▶ [Exercise aim]: The lines to extract run from the first line of the material below to the line containing "Aha helps people", both included; leave the pictures behind.

▶ [Data segment]:
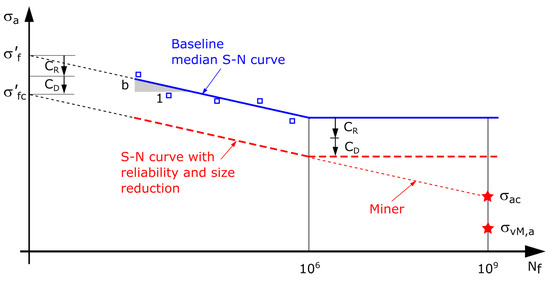 which refers to mirror-polished and notch-free conditions, here it is estimated that it is enough to take the reliability factor and the size factor [31,32], as can be seen in Figure 7.
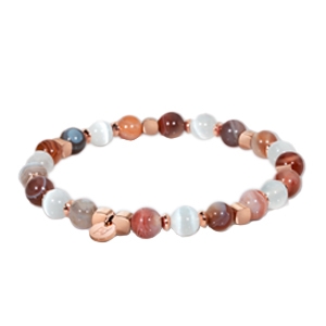 Der Anhänger Avellina besteht aus 3 wunderschönen Botswana Achat Natursteinen, die sorgfältig zwischen zwei Pastillen aus rosévergoldeten Edelstahl
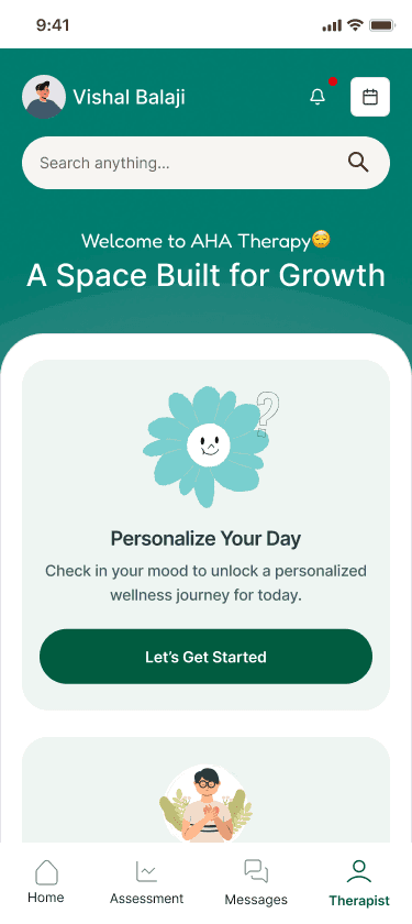 Aha helps people stay connected to their progress in the days between sessions, when emotions shift and reflection is hardest.
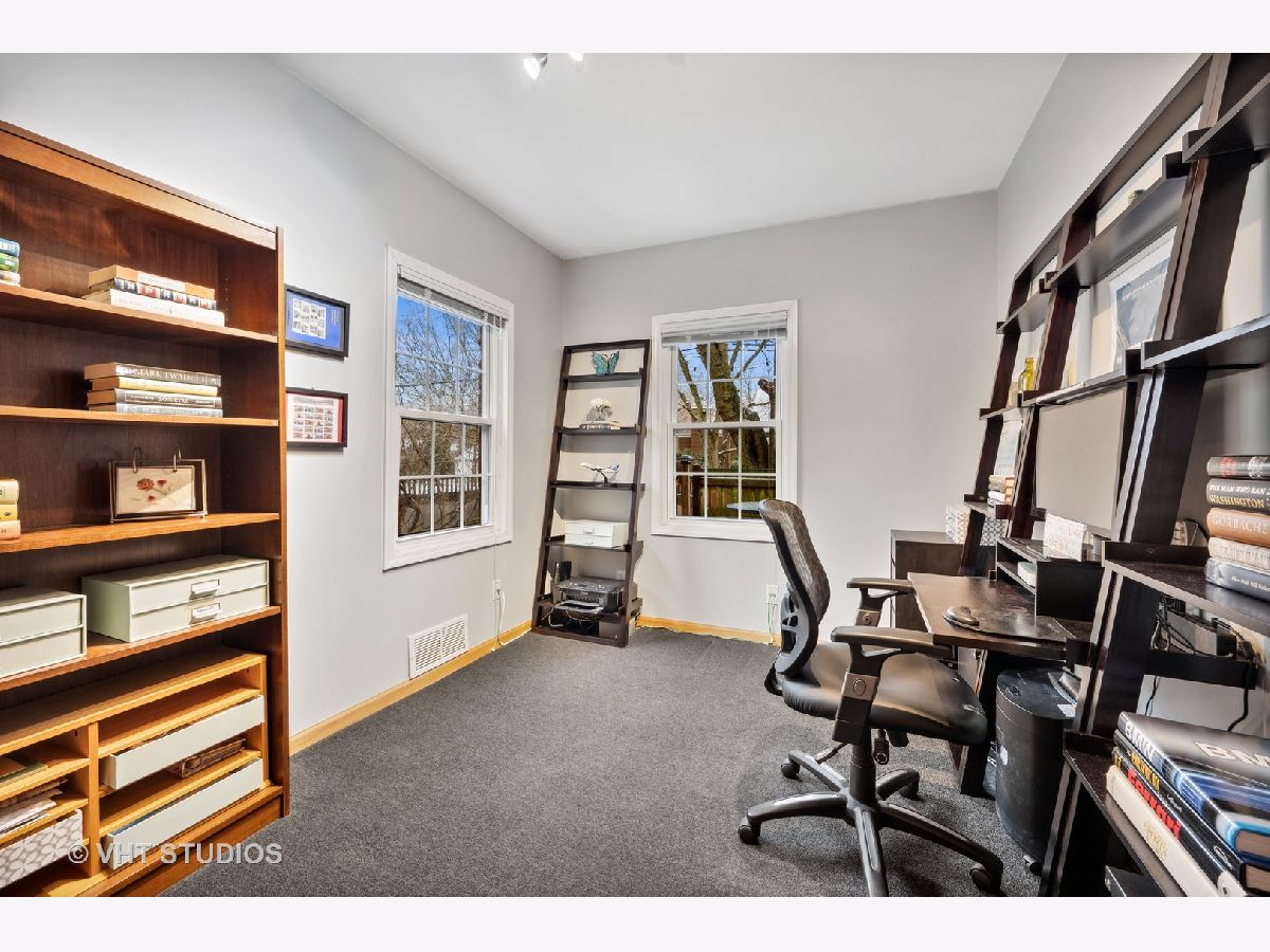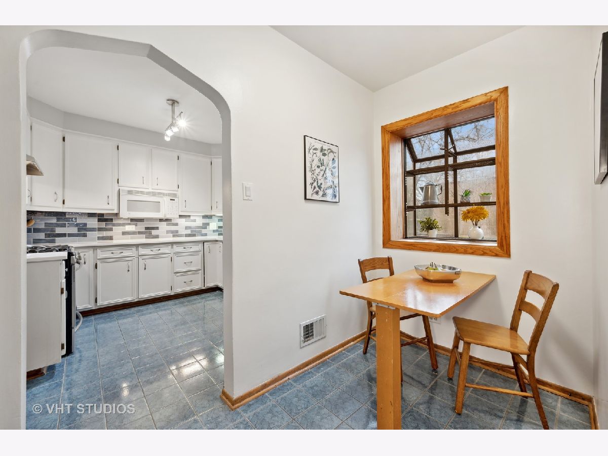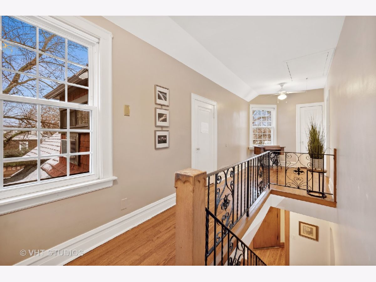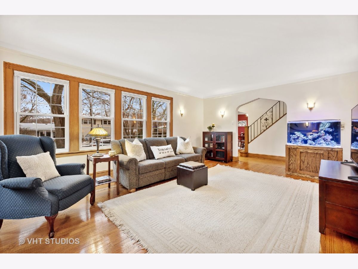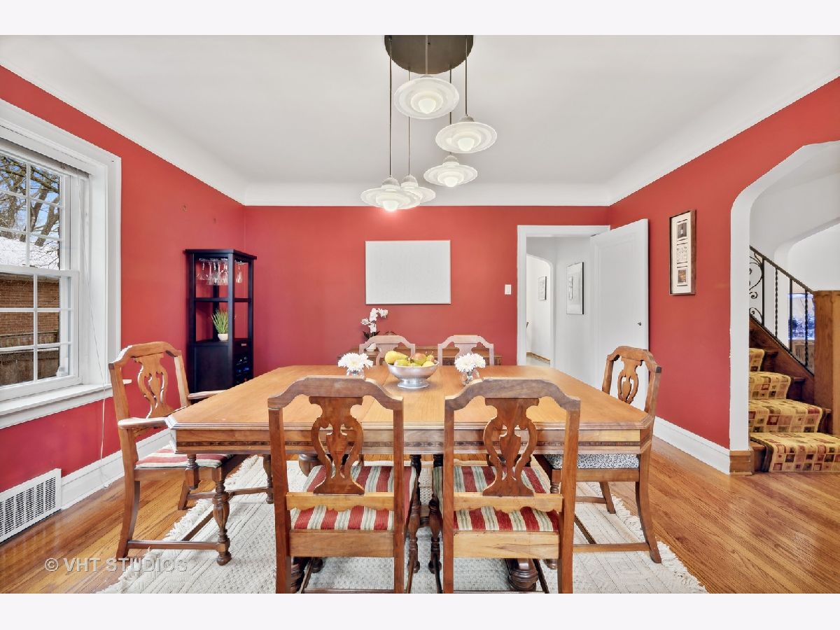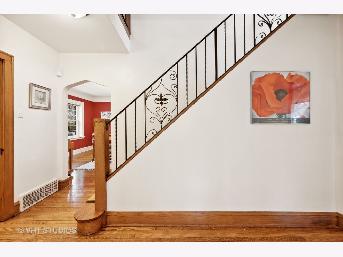 There's character at every turn in this rare, light-filled brick Tudor in south Evanston. Gorgeous oak floors, large windows, and 9 foot ceilings show off this charming home. The first-floor circular floor plan boasts a large living room, dining room and desirable office/bedroom as well as a half bath, and a bright updated kitchen with stainless appliances, white cabinets, quartz counters and separate breakfast nook. The stunning staircase with wrought-iron railing is the focal point of the entry and leads to the second story living space with three bedrooms and a full bath. The primary bedroom is oversized with 2 closets. The second bedroom is also generously sized with 2 exposures. The third bedroom is a cozy oasis with an east facing dormer. The partially finished basement features a large family room with retro built-in dry bar, bonus room/office, a workshop, craft room and ample storage space. Clean well kept 1-car garage completes this brick home's appeal. Enjoy the beautiful landscaping that blooms throughout the season. Conveniently located minutes from all schools, James Park, Levy Center, Robert Crown Center & library, Quad Indoor Sports, groceries and retail.

▶ [Exercise result]:
 which refers to mirror-polished and notch-free conditions, here it is estimated that it is enough to take the reliability factor and the size factor [31,32], as can be seen in Figure 7.
 Der Anhänger Avellina besteht aus 3 wunderschönen Botswana Achat Natursteinen, die sorgfältig zwischen zwei Pastillen aus rosévergoldeten Edelstahl
 Aha helps people stay connected to their progress in the days between sessions, when emotions shift and reflection is hardest.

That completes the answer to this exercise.